------ Material provided ------
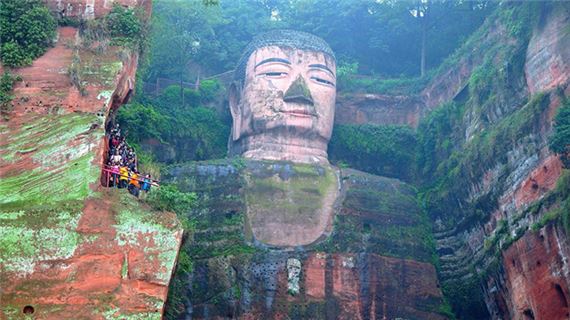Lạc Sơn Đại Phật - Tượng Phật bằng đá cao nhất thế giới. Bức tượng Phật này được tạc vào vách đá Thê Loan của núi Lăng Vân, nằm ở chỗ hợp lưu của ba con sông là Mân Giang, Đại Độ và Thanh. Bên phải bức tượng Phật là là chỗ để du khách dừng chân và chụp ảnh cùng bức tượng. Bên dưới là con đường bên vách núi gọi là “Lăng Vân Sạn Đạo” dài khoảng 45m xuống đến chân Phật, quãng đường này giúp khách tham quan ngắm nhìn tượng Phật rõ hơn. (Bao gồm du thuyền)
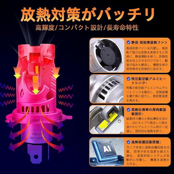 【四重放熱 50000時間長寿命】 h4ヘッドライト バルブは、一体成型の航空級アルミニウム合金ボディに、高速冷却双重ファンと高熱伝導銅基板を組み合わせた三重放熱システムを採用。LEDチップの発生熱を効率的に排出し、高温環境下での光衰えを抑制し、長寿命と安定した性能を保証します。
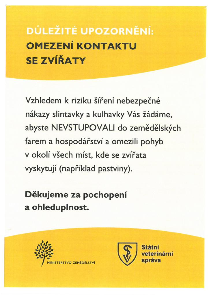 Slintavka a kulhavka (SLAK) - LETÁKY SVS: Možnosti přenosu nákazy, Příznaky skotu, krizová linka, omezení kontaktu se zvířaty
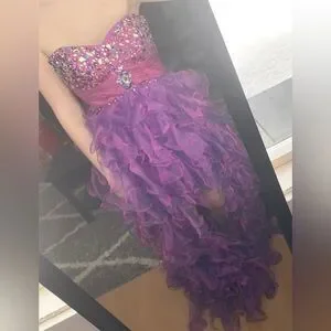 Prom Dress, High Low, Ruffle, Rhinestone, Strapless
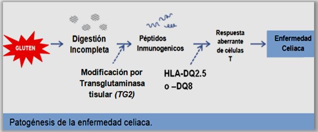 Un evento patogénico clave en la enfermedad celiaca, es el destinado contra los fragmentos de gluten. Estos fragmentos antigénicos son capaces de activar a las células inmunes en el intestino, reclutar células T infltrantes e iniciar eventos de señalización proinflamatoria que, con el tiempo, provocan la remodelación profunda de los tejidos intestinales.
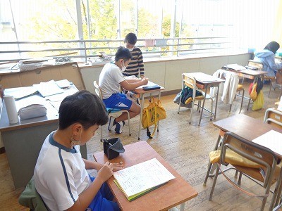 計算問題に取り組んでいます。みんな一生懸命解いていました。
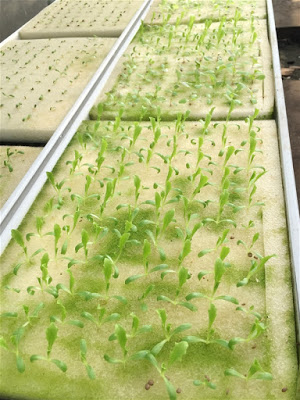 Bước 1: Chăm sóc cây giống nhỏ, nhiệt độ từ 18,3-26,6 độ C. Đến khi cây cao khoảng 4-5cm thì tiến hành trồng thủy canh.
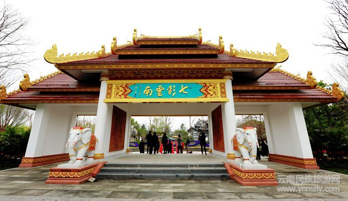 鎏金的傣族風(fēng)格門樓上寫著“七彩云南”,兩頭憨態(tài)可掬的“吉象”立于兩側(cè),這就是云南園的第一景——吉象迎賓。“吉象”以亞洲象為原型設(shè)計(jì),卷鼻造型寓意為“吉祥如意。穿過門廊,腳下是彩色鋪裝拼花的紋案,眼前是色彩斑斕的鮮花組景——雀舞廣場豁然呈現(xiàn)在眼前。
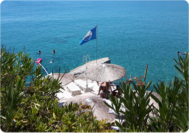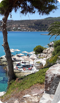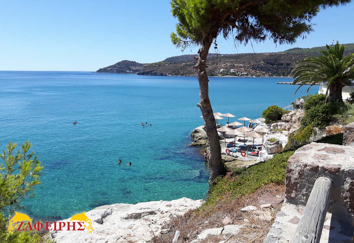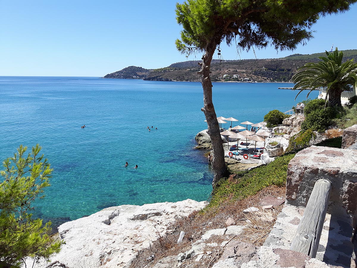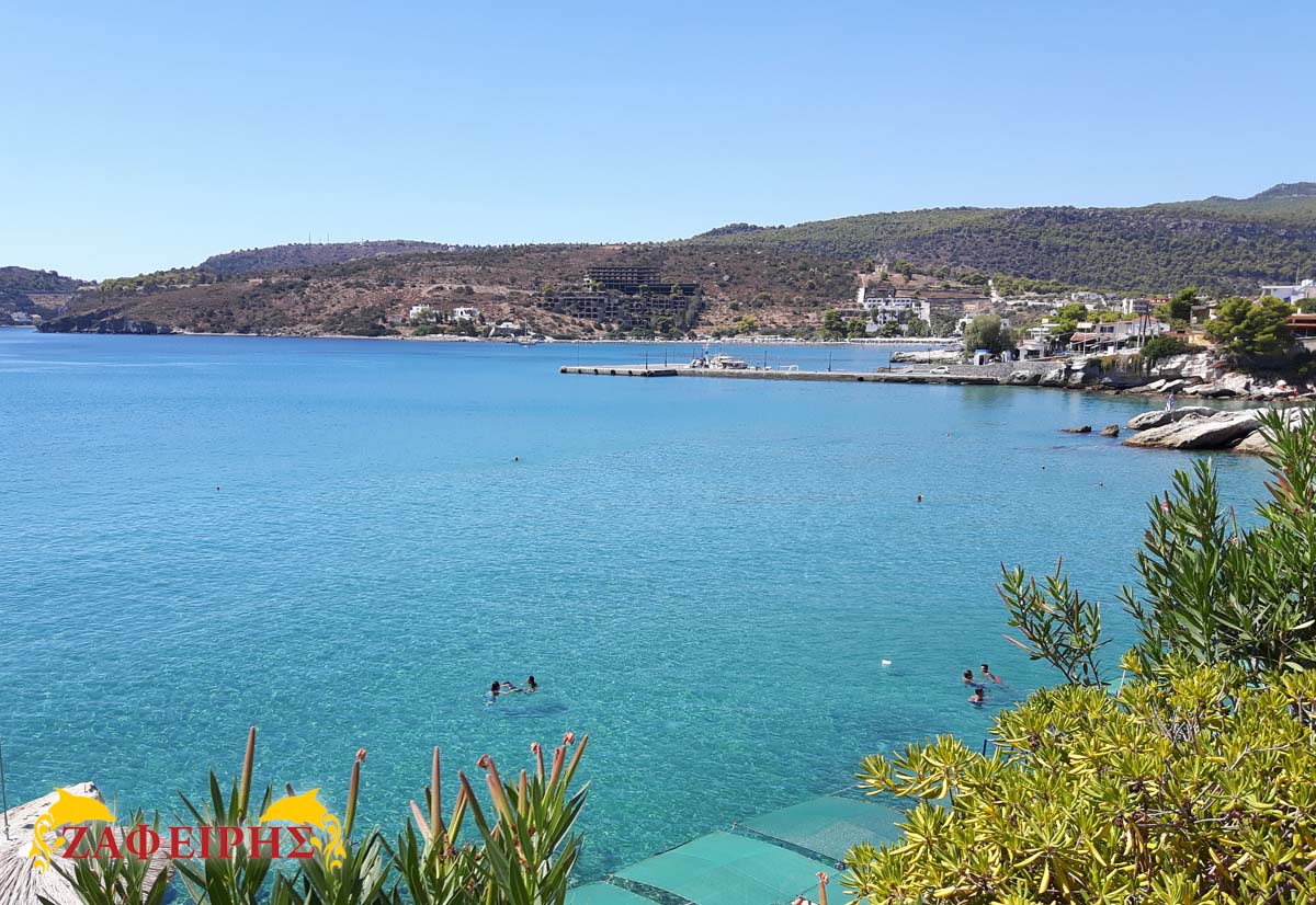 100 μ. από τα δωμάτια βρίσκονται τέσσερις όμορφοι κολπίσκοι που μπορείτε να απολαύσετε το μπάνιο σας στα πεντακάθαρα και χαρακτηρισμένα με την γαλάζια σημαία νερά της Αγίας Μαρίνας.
------
*Exercise goal:* Beginning with the first entry above, reproduce every line verbatim until the line with "Prom Dress, High", which is included too; omit pictures.

*Exercise answer:*
Lạc Sơn Đại Phật - Tượng Phật bằng đá cao nhất thế giới. Bức tượng Phật này được tạc vào vách đá Thê Loan của núi Lăng Vân, nằm ở chỗ hợp lưu của ba con sông là Mân Giang, Đại Độ và Thanh. Bên phải bức tượng Phật là là chỗ để du khách dừng chân và chụp ảnh cùng bức tượng. Bên dưới là con đường bên vách núi gọi là “Lăng Vân Sạn Đạo” dài khoảng 45m xuống đến chân Phật, quãng đường này giúp khách tham quan ngắm nhìn tượng Phật rõ hơn. (Bao gồm du thuyền)
 【四重放熱 50000時間長寿命】 h4ヘッドライト バルブは、一体成型の航空級アルミニウム合金ボディに、高速冷却双重ファンと高熱伝導銅基板を組み合わせた三重放熱システムを採用。LEDチップの発生熱を効率的に排出し、高温環境下での光衰えを抑制し、長寿命と安定した性能を保証します。
 Slintavka a kulhavka (SLAK) - LETÁKY SVS: Možnosti přenosu nákazy, Příznaky skotu, krizová linka, omezení kontaktu se zvířaty
 Prom Dress, High Low, Ruffle, Rhinestone, Strapless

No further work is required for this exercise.